Image: Wikimedia Commons/Bollywood Hungama
Image: Wikimedia Commons/Bollywood Hungama

Shane Warne: Life of a legend

As a legend of the cricketing world, since the passing of Shane Warne on 4 March, people from across the world have been shaken by the loss of such a well-known sporting great. Although his career was touched by scandal and difficulty, the Melbourne-born leg spinner had carved himself into the history books as both a stunning player and lively commentator of the game.

Warne made his first Test appearance in 1992, but it was at Old Trafford in 1993 when he burst onto the scene, dismissing England great Mike Gatting with his first delivery. This famed moment has become known as ‘The Ball of the Century’ as Gatting was left bemused at the stumps by the leg break he had faced. Warne himself said that “the ball of the century was a fluke. It really was… I never did it again in the first ball of any time”.

Fluke or not, before this career defining delivery, many thought that Warne’s style was too risky for international cricket. But as his career progressed, more records were set to come the way of the unfalteringly accurate leg-spinner. In 1999 alone, he took 303 test wickets, a test hat-trick, and a one-day World Cup victory.

But it was not just his accuracy which gave Warne an edge – the way he commanded matches was all part of his game. Mixing unpredictable starts and stops with an array of facial expressions, it was rare that a batsman would be at ease when facing ‘Warnie’, as he became known. For this he was far from your average ‘by-the-book’ cricketer.

He often ruffled the feathers of the Australian coaching staff as he rejected their philosophies on fitness for the cricketing side. He also never made it as captain of Australia, but this was perhaps less because of his experiences on the field and more because of those he encountered elsewhere.

He and another Australian teammate were found guilty of taking part in one of the first examples of match-fixing in the cricketing world. Both players admitted to receiving money and giving information about pitches and weather to a Sri Lankan bookmaker. As a result, the reputation of the much-loved cricketer was tarnished.

The way Warne reintroduced the art of the leg spin into the sport will always be looked back on with admiration for years to come

Later in 2003, Warne was found to have used a banned diuretic and was suspended from the game for 12 months. But the banning was not the end of his career. He returned to the Ashes in 2005 and helped Australia to complete a crushing victory over the English side. By the end of his career, he had a stunning 708 test wickets in total and was named as one of the five Wisden Cricketers of the 20th century.

Warne’s once-in-a-generation career was not only impressive in its own right but he became a trail blazer for other bowlers to be taken seriously within the sport. Bowling a leg spin was dying out before Warne due to the dominance of pace bowling in the ‘80s and ‘90s. He re-introduced the art of leg spin, paving the way for modern day players, like Sri Lanka’s Muralitharan, to dominate the sport.

His experience in the game then lead onto a post-retirement career in the world of punditry where much public affection for Warne was rekindled.

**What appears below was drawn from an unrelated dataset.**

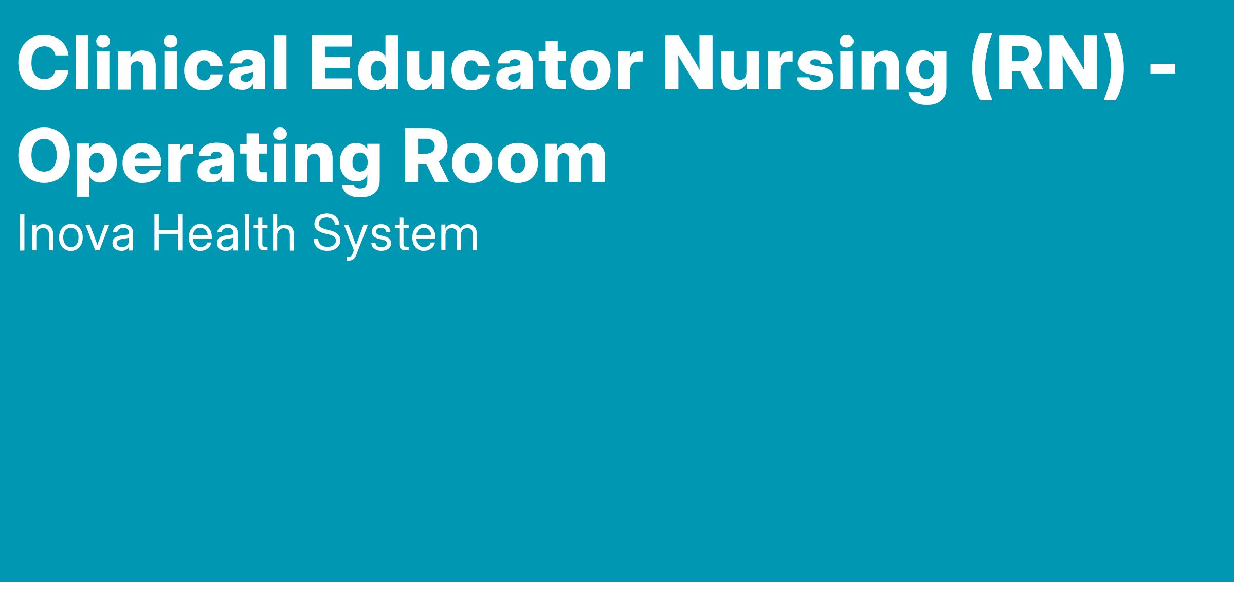 Inova Mount Vernon Hospital has an opening for an experienced Operating Room Nurse Educator. Experience with programs across the Perioperative Services spectrum for staff to achieve patient care and outcome standards is highly desired. This is a Monday-Friday position (exempt role and day shift schedule).

Commentating in Australia and in other countries around the world, his love for the game found a new way to shine across the airwaves to listeners everywhere.

Since his death, his counterparts from the cricketing and commentating world have flooded social media with their tributes to the Aussie legend.

England Captain Joe Root said that Warne “was always a joy to be around, gave so much energy to the sport and obviously as a kid growing up, was a massive idol of mine”.

Pat Cummins, the current Captain of the Australian side has also added “Shane was a once-in-a-century cricketer… Apart from the wickets he took and the games he helped Australia win, what he did was draw so many people to the sport”.

Tributes have also come from outside the cricketing world with British singer/songwriter Ed Sheeran writing: “Shane was the kindest heart, and always went above and beyond to make people feel welcome and special. Such a gentleman. He gave so many hours and years of his life to bring joy to others, and was such an amazing friend to me. I’ll bloody miss you mate. Absolutely gutted.”

Leaving the world as not only an Australian, but international sporting legend, the way Warne reintroduced the art of the leg spin into the sport will always be looked back on with admiration for years to come. The public affection which grew for the star is likely to be seen in the coming weeks as Warne’s family have accepted the government’s proposal of a state memorial service on 30 March.

Warne is survived by his children, Brooke, Summer, and Jackson.